_The task_
Setting aside any pictures, reproduce the data exactly.

_Stored data_
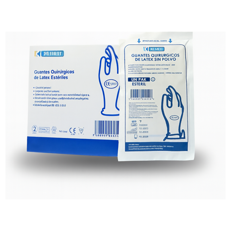 Guantes quirúrgicos estériles de látex sin polvo y de un solo uso, diseñados específicamente para profesionales de la salud.
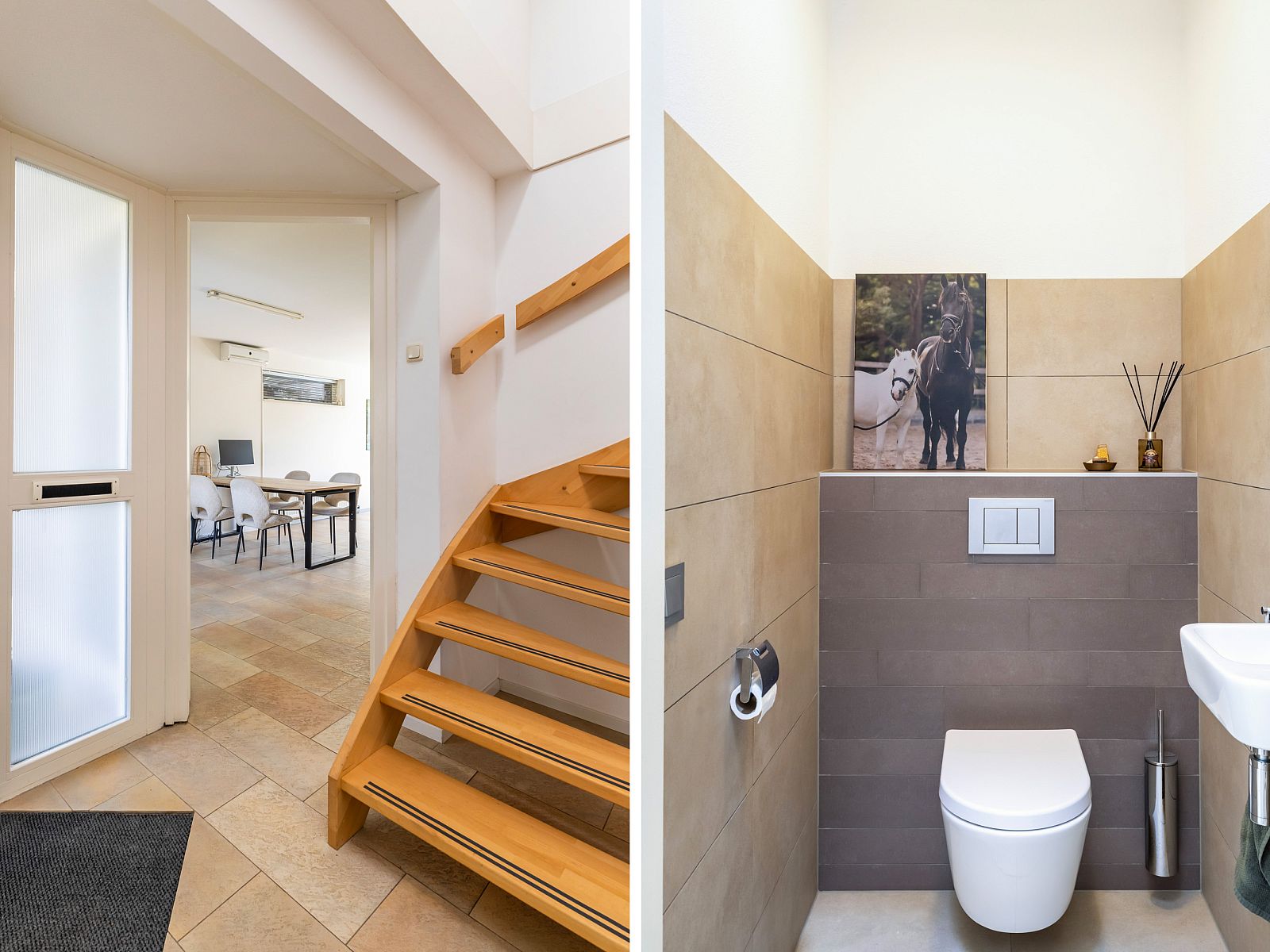 Via de entree betreedt u de centrale hal met toiletruimte, meterkast en trapopgang. Vanuit hier heeft u toegang tot zowel de woonkamer als de moderne keuken en de separate zitkamer.
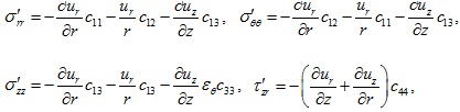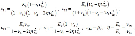 where ur and uz are the displacement components in r and z directions, respectively. The parameters c11 - c44 in equation (3) denote the elastic constants of the TISS and they can be expressed as follows (Eq. 4):

_Solution to the problem_
 Guantes quirúrgicos estériles de látex sin polvo y de un solo uso, diseñados específicamente para profesionales de la salud.
 Via de entree betreedt u de centrale hal met toiletruimte, meterkast en trapopgang. Vanuit hier heeft u toegang tot zowel de woonkamer als de moderne keuken en de separate zitkamer.
 where ur and uz are the displacement components in r and z directions, respectively. The parameters c11 - c44 in equation (3) denote the elastic constants of the TISS and they can be expressed as follows (Eq. 4):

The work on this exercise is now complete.